* Task to carry out:
Please copy each line of the listing below precisely, excluding the images.

(Beginning of Dataset section)

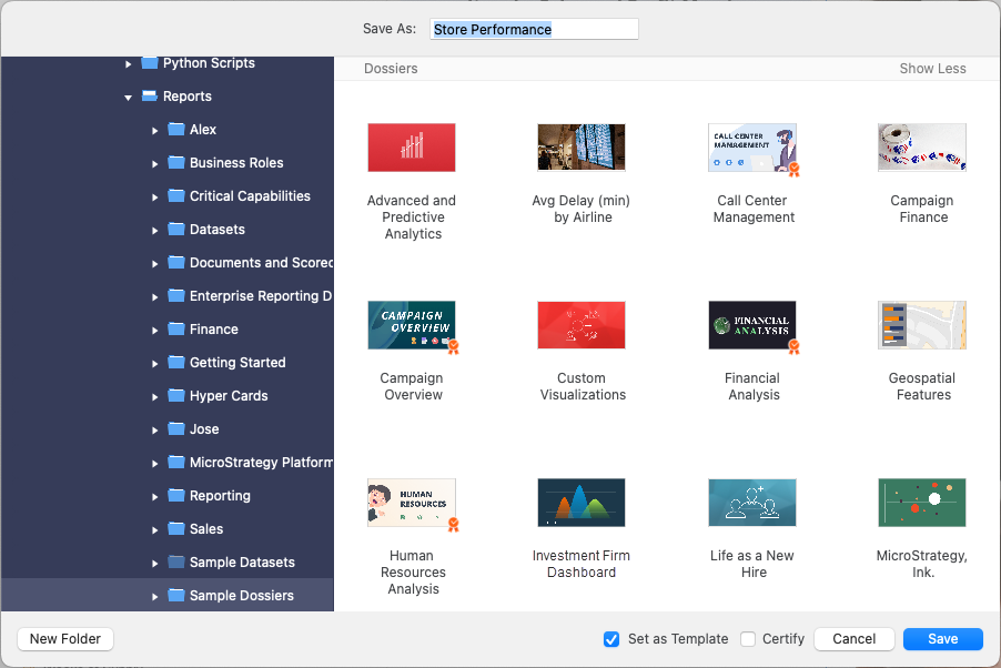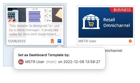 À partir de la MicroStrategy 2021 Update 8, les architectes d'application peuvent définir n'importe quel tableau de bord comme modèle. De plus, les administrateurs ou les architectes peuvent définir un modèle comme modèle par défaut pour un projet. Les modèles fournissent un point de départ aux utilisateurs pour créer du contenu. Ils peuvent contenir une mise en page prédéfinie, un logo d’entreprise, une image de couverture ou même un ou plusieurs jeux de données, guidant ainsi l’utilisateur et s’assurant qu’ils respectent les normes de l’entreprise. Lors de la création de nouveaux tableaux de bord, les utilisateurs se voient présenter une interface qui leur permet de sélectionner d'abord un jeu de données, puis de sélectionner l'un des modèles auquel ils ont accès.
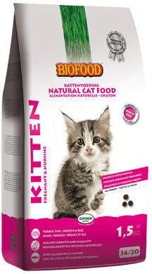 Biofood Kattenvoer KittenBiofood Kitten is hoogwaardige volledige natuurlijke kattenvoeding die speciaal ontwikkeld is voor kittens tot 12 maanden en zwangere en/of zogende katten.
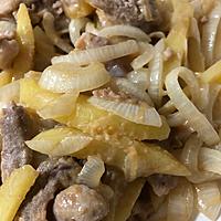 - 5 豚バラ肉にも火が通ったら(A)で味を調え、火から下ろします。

(End of Dataset section)

* Task result:
 À partir de la MicroStrategy 2021 Update 8, les architectes d'application peuvent définir n'importe quel tableau de bord comme modèle. De plus, les administrateurs ou les architectes peuvent définir un modèle comme modèle par défaut pour un projet. Les modèles fournissent un point de départ aux utilisateurs pour créer du contenu. Ils peuvent contenir une mise en page prédéfinie, un logo d’entreprise, une image de couverture ou même un ou plusieurs jeux de données, guidant ainsi l’utilisateur et s’assurant qu’ils respectent les normes de l’entreprise. Lors de la création de nouveaux tableaux de bord, les utilisateurs se voient présenter une interface qui leur permet de sélectionner d'abord un jeu de données, puis de sélectionner l'un des modèles auquel ils ont accès.
 Biofood Kattenvoer KittenBiofood Kitten is hoogwaardige volledige natuurlijke kattenvoeding die speciaal ontwikkeld is voor kittens tot 12 maanden en zwangere en/of zogende katten.
 - 5 豚バラ肉にも火が通ったら(A)で味を調え、火から下ろします。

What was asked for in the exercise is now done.